Behouden evenwicht met natuur door middel van ritueel, goed voorbeeld, zorgen voor het
volk. Literati hebben als taak de heerser aan deze verplichtingen houden. Heersers voelen
zich vaak gevangen door de literati en zoeken ergen anders steun.
Het rekruteren van bestuurders werd gedaan door middel van het examenstelsel. Examens
op drie niveaus: regio-provincie-hoofdstad. Laagste rang: privileges. Tweede rang: ambten.

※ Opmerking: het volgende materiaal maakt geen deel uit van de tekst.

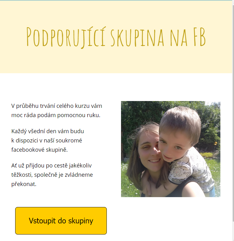Opravdu věřím, že každé z vás během kurzu předám základní principy, které vám ukáží nový pohled. Je však na vás, jak s nimi naložíte. Co je hlavní? Kurz je jen jeden krok na cestě, která nikdy nekončí. Na vztahu k našim dětem pracujeme celý život. - Nemám dostatek trpělivosti a motivace něco se učit a zkoušet.To znám, motivace se někdy těžko hledá. Proto je součástí kurzu i má plná podpora po dobu jeho trvání a akční kroky, díky kterým převedete věci hned do své praxe.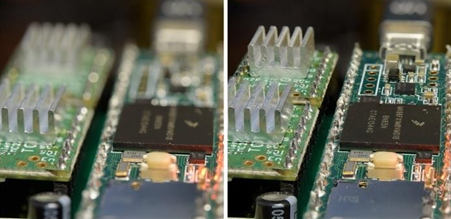 景深合成可以將因景深不足而局部模糊的多張圖像,合 成為全部清晰的一張圖像。下圖為合成前后的效果對(duì)比。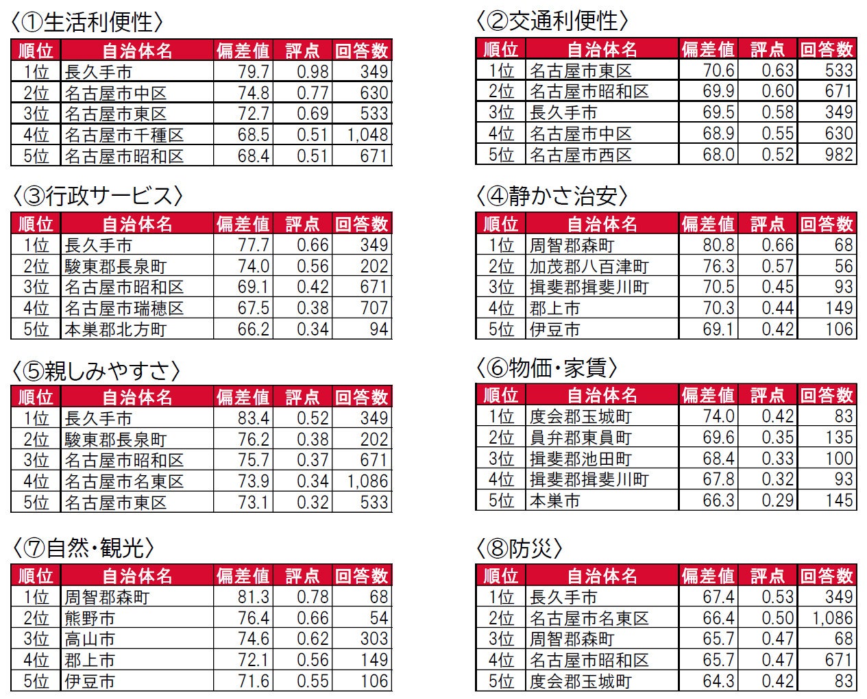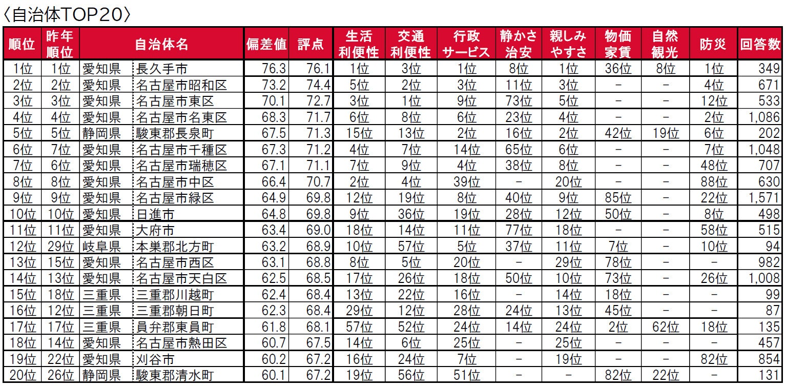 - 「いい部屋ネット 街の住みここちランキング2022<東海版>」 主なポイント

Hoogste rang: hoge status kans op hoogste ambten. Sociale mobiliteit of sociale
reproductie? Het ging om slimheid en niet om afkomst. Maar rijkere ouders konden hun
kinderen op jongere leeftijd al op school zetten. In 1905 afgeschaft. Jezuieten onder de
indruk van geleerdencultuur. Proberen met hun geletterdheid de bovenlaag te bekeren.
Vooral succesvol via wetenschap. Maken gebruik van syncretisme. Keizer had belang bij de
Jezuieten omdat ze astronomische kennis hadden. Als de keizer een zonsverduistering
konden voorspellen was hij niet in gevaar om afgezet te worden.